The best magazine
Who"s Afraid of the Waxwork Figures? Not Virginia!
It's hard not to fall in love with Virginia Woolf's writing once you start to read her diaries and letters. Her sense of humor and commons sense are a pleasant and amazing combination. She had her moments with toys and dolls, mentioning toys in "Jacob's Room" and refusing to contribute a miniature volume to the library of the Queen's doll house. She apparently thought the whole doll house project was one of the silliest things she had ever heard, but I've always wondered if there wasn't something more to the story.

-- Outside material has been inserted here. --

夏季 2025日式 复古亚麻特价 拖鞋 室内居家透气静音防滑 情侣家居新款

Woolf loved parties, costumes, and gossip. She immortalized with gentle parody her friend, Lady Ottoline Morrell, and had a wide circle of friends in The Bloomsbury Group. I've always wondered if she had a grudge against The Royal Family because her relative, James Stephen, was implicated in the Jack the Rippercrimes, and later died in a mental asylum, allegedly from starvation. He was the tutor of The Duke of Clarence, Prince Eddy, was both heir to the throne during his short life and also, according to some, a suspect in The Ripper Homicides. At the time, Princess May of Teck, who later became Queen Mary of the doll house, was engaged to Prince Eddy. I suppose if it were my family implicated in all this I wouldn't want to create a book for the doll house either.

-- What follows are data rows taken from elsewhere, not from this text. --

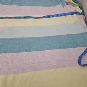 Vibrant polo with teal, light blue, and lime stripes. Comfortable and stylish for any occasion.
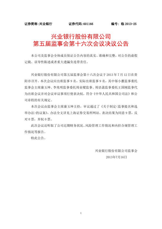 兴业银行股份有限公司第五届监事会第十六次会议决议公告.doc
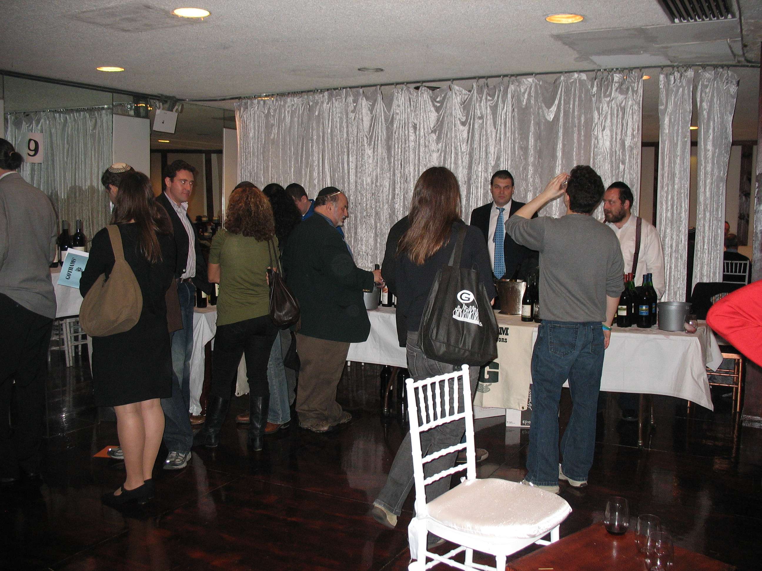 This past week saw my friend (the ultimate wine novice) and me at what can truly be called the greatest “kosher wine event” on earth. This is not the place to come if you want to be fed a wonderful spread, or the place to come if you want to be fed line after line by people who have no idea on what differences there are between a Pinot Gris versus a Pinot Noir, or what differences lay between a Viognier and a Chardonnay. Nope, this event is where the kosher wine world can come and taste a true assortment of kosher wines that are not under Royal’s control or someone else’s clutches. Nope, this event is put on by Gotham Winery, one of the places on earth where you can get a truly wonderful collection of kosher wines, and most of them – 362 wines to be exact, were on display at the Lincoln Square Synagogue. This was the 6th edition of this event, and one that was truly well attended. About 150 or so individuals packed the synagogues’ auditorium, in the basement, where they were graced with 12 tables laden with wines from all around the world.

All doll house scandals aside, Woolf addressed waxworks and funeral effigies in "Mrs. Dalloway." These life-sized figures which include Elizabeth I, Elizabeth of York, and Henry VII captured Woolf's imagination, and she also wrote about them in her essay "Reading." Before she became a writer, Woolf studied history, and even taught it briefly.

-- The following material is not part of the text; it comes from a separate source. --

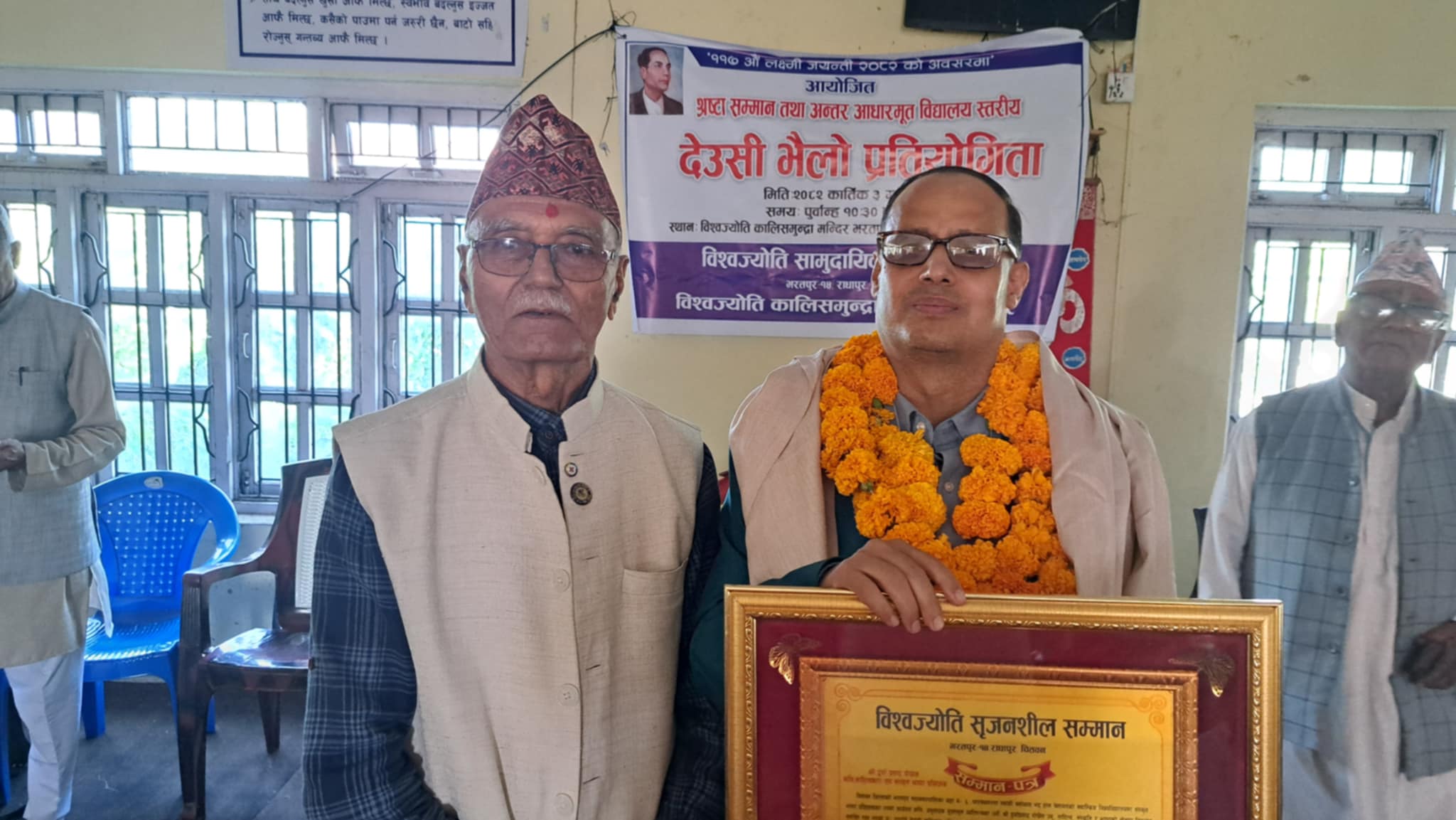 चितवन, कात्तिक ३–नेपाल भ्रमणमा रहेका बेलायतनिवासी साहित्यकार दुर्गाप्रसाद पोख्रेल ‘विश्व ज्योति सृजनशील सम्मान २०८२’ बाट सम्मानित भएका छन्।

She took one of her students to Westminster Abbey to see them, and later wrote of the class trip: Yesterday, I did a very melancholy thing--which was to take my working women over the abbey. Only one came! --and we solemnly went round the Chapel and the waxworks together, and saw the mummy of a 40 year old parrot--which make s history so interesting miss!
The effigies, large dolls dressed in the actual clothing of the deceased, or in restored, sometimes inaccurate versions of it, resemble the smaller, elaborately dressed fashion and crèche dolls of the day. Elizabeth of York, mother of Henry VIII, has a long red wig. The headless effigy of Elizabeth I is a study in Elizabethan undergarments. Elizabeth I's garments were once her actually robes, but over the years, they disappeared, until she was dressed in paste and fake jewels according to how the 18th century perceived she should be dressed. It wasn't until 1934 that she was restored. Now, some of the effigies are also displayed without clothing, but their resemblance to early fashion dolls is not lost. Some of these are also featured in Manfred Bachman's excellent book, "Dolls the Wide World Over."
The current issue of "The Virginia Woolf Miscellany," Spring 2014, No. 85, features an article about Woolf and the funeral effigies of Westminster Abbey. The short essay by Lena Kore Schroder, University of Nottingham, is titled "Waxing into Words: Virginia Woolf and the Funeral Effigies at Westminster Abbey." The article can be viewed online here: http:// virginiawoolfmiscellany.files.wordpress.com/2014/06/vwm85spring2014.pdf I was privileged in 1993 to contribute a paper at the annual International Virginia Woolf Society conference, and to see it published in the book published each year containing conference essays. I also was able to contribute to The Miscellany itself a few years ago. Students of custom, costume, manners, doll related figures and literature will profit from a perusal of Woolf's work.